Data ::

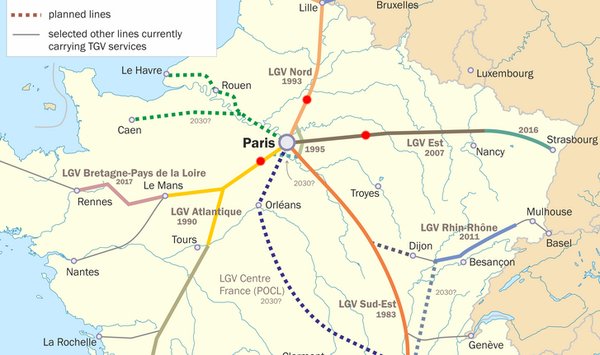 A megbénított TGV Atlantique, Nord és Est vonalakról fontos vágánykapcsolatok hiányoznak, amik lehetővé tehetnék a hatékony kerülőútvonalak használatát, így előfordulhat, hogy egy nagysebességű vonat akár többszáz kilométeren át is alacsony sebességű pályára kényszerül.
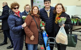 Ispred gradske uprave Grada Buja, povodom Dana žena, danas je postavljen štand na kojem su u jutarnjim satima članovi SDP-a i IDS-a darovali žene sa cvijećem.
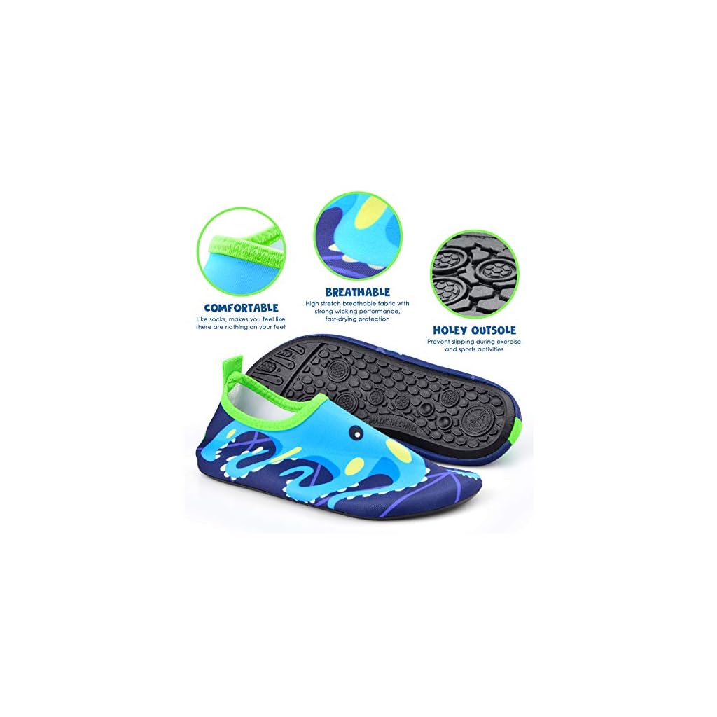 Jiamus Kinder Badeschuhe Wasserschuhe Schwimmschuhe Strandschuhe Aquaschuhe Schnell Trocknend Barfuss Schuhe für Jungen Mädchen Kleinkind Säugling Yoga Unisex Beach Pool,B,Blau Oktopus(26/27 EU)

What to do :: The listing above should be transcribed word for word, with its pictures left out.

Task result ::
 A megbénított TGV Atlantique, Nord és Est vonalakról fontos vágánykapcsolatok hiányoznak, amik lehetővé tehetnék a hatékony kerülőútvonalak használatát, így előfordulhat, hogy egy nagysebességű vonat akár többszáz kilométeren át is alacsony sebességű pályára kényszerül.
 Ispred gradske uprave Grada Buja, povodom Dana žena, danas je postavljen štand na kojem su u jutarnjim satima članovi SDP-a i IDS-a darovali žene sa cvijećem.
 Jiamus Kinder Badeschuhe Wasserschuhe Schwimmschuhe Strandschuhe Aquaschuhe Schnell Trocknend Barfuss Schuhe für Jungen Mädchen Kleinkind Säugling Yoga Unisex Beach Pool,B,Blau Oktopus(26/27 EU)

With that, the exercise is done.